Starting with the line that has "Alors bien-sûr vous" in the records below and stopping after the line that has "Dalyan'da anayol üzerinde", output every line exactly and nothing else; skip pictures.

====== RECORDS TO PROCESS ======

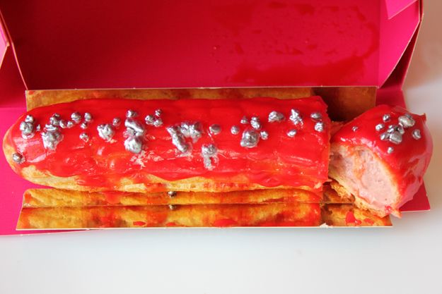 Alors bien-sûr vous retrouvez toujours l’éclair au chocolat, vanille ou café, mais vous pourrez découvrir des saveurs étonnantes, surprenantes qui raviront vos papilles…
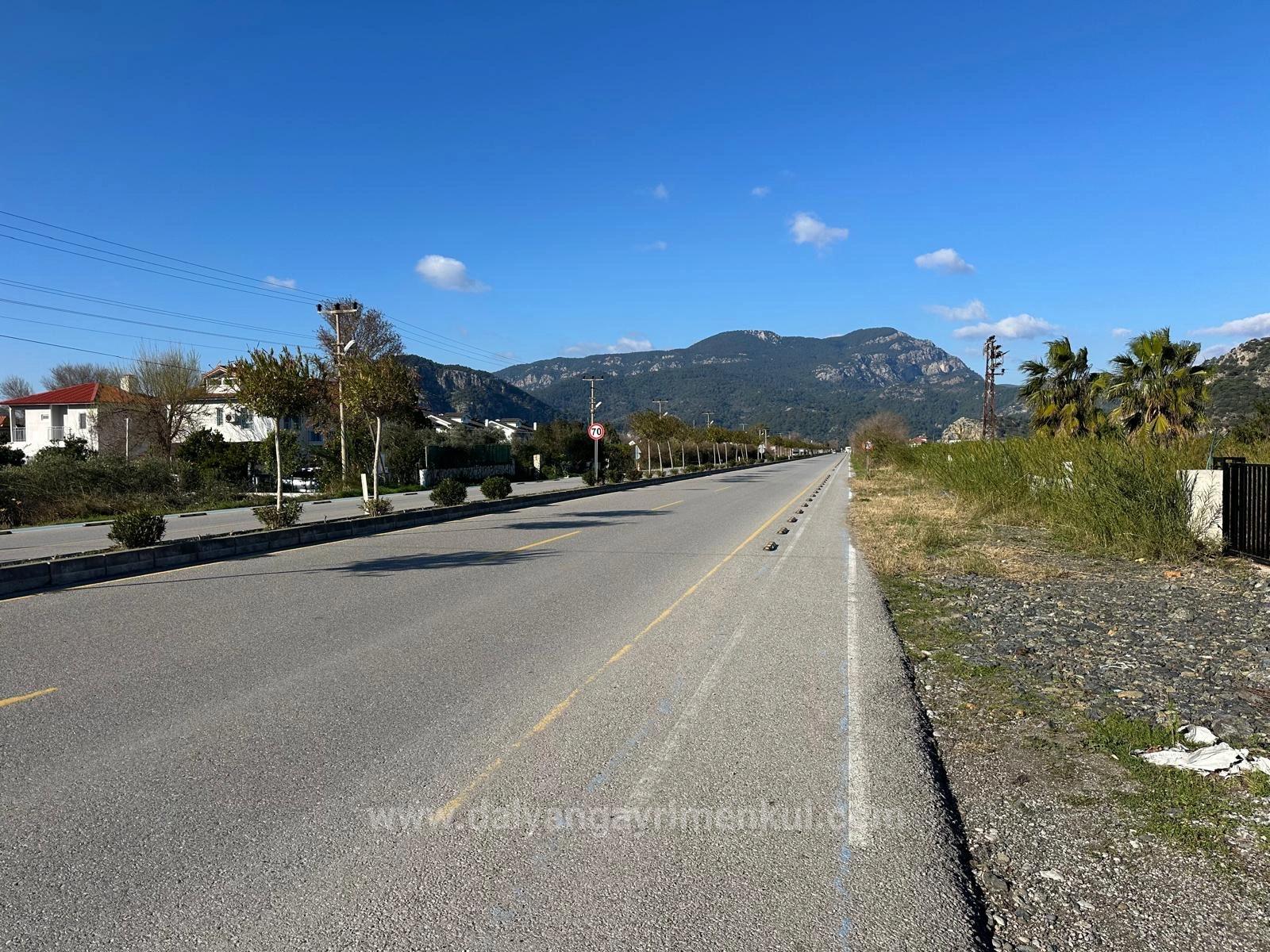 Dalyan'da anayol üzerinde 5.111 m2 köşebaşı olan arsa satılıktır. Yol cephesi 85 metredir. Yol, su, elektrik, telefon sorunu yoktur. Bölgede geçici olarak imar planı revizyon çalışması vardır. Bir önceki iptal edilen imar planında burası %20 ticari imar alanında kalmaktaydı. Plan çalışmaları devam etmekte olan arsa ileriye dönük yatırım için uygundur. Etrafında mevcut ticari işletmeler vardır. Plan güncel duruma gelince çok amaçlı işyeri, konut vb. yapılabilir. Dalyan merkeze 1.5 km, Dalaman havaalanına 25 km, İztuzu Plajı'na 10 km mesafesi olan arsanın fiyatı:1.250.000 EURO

======
====== RECORDS TO PROCESS ======

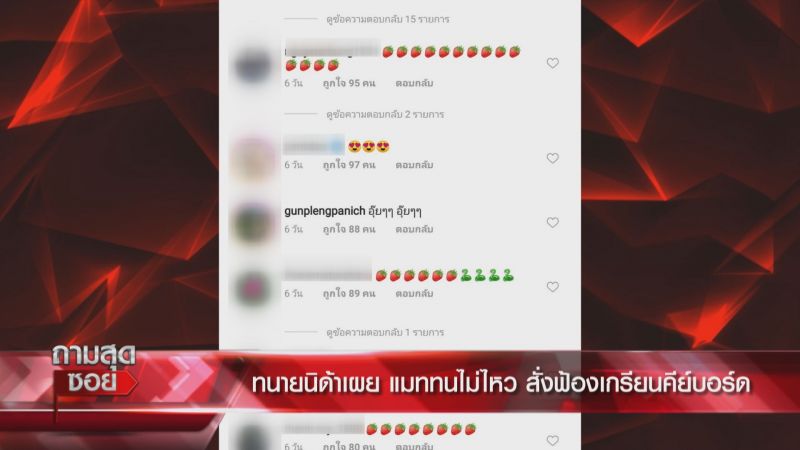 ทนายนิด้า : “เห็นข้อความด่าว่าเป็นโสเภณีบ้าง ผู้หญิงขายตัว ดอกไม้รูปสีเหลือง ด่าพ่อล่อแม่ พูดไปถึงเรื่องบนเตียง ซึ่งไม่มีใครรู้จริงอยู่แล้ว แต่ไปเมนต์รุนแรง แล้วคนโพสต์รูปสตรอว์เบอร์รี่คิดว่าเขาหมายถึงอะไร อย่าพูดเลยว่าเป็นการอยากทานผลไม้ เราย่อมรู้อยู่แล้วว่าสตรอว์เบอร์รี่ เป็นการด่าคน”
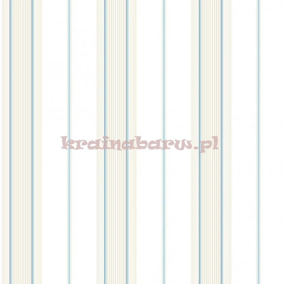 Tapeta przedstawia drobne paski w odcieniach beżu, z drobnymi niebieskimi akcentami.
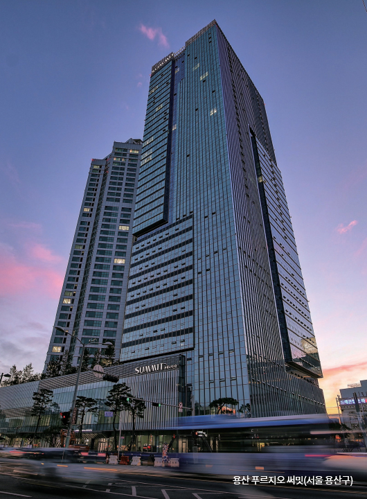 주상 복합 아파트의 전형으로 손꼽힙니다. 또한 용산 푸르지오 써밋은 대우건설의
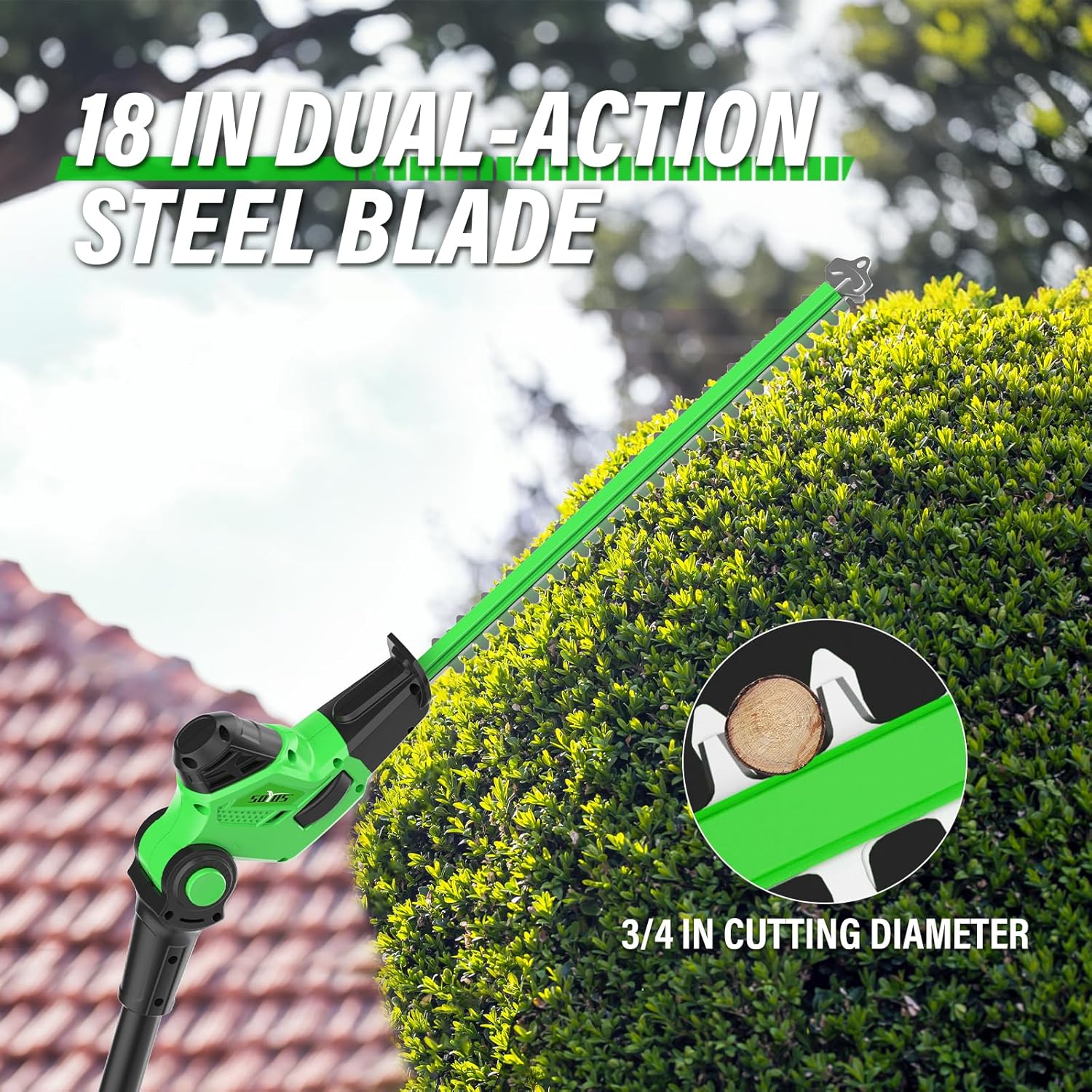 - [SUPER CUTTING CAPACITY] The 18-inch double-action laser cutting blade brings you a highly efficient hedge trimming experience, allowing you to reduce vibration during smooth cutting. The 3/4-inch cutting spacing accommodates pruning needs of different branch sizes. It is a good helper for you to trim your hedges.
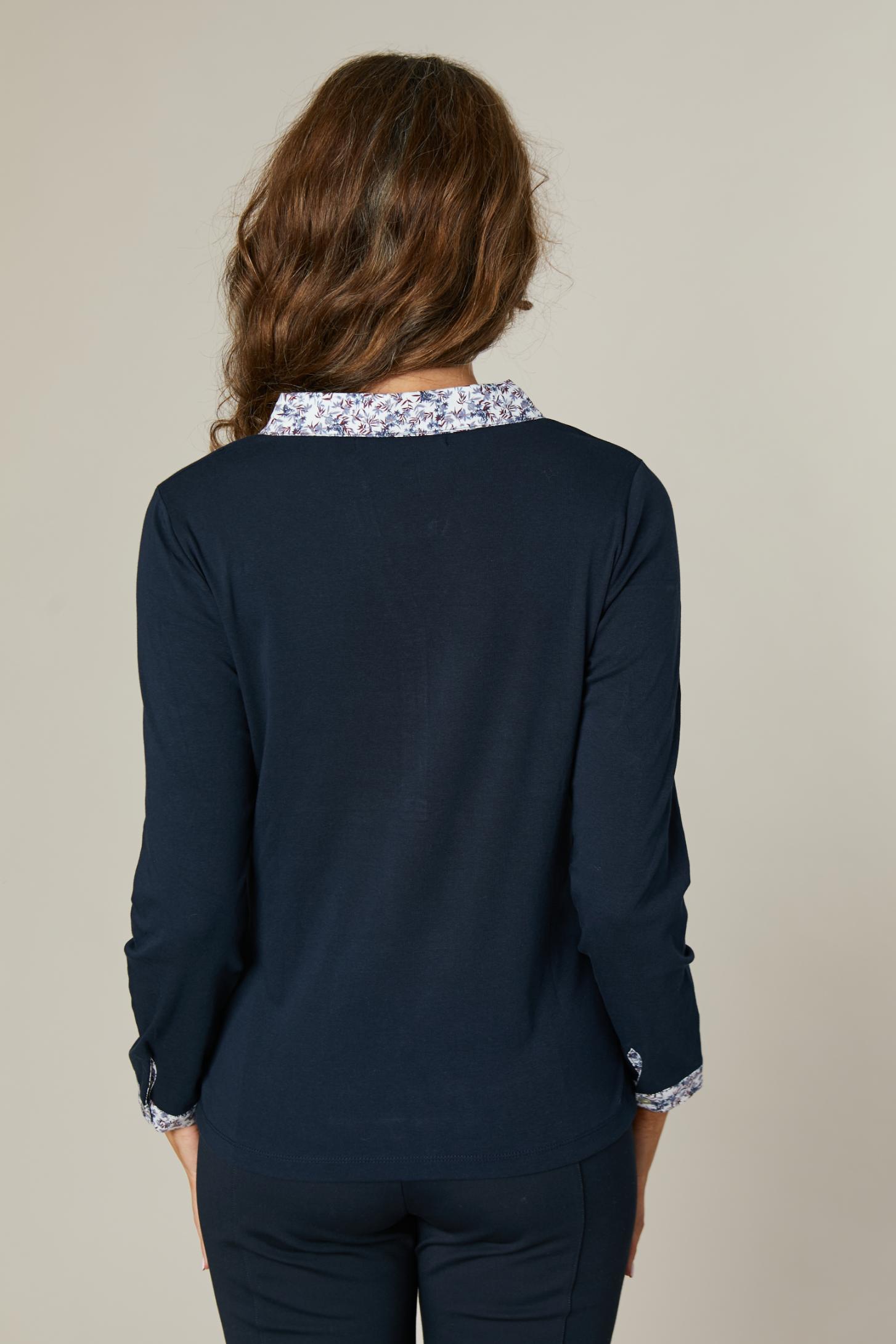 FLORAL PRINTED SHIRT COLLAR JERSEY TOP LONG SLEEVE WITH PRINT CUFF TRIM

======
====== RECORDS TO PROCESS ======

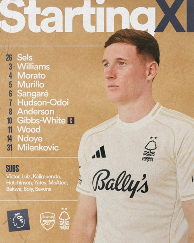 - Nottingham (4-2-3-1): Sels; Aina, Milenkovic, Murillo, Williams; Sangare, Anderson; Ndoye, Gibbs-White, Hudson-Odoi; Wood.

======

§ **EXPECTED OUTPUT**:
 Alors bien-sûr vous retrouvez toujours l’éclair au chocolat, vanille ou café, mais vous pourrez découvrir des saveurs étonnantes, surprenantes qui raviront vos papilles…
 Dalyan'da anayol üzerinde 5.111 m2 köşebaşı olan arsa satılıktır. Yol cephesi 85 metredir. Yol, su, elektrik, telefon sorunu yoktur. Bölgede geçici olarak imar planı revizyon çalışması vardır. Bir önceki iptal edilen imar planında burası %20 ticari imar alanında kalmaktaydı. Plan çalışmaları devam etmekte olan arsa ileriye dönük yatırım için uygundur. Etrafında mevcut ticari işletmeler vardır. Plan güncel duruma gelince çok amaçlı işyeri, konut vb. yapılabilir. Dalyan merkeze 1.5 km, Dalaman havaalanına 25 km, İztuzu Plajı'na 10 km mesafesi olan arsanın fiyatı:1.250.000 EURO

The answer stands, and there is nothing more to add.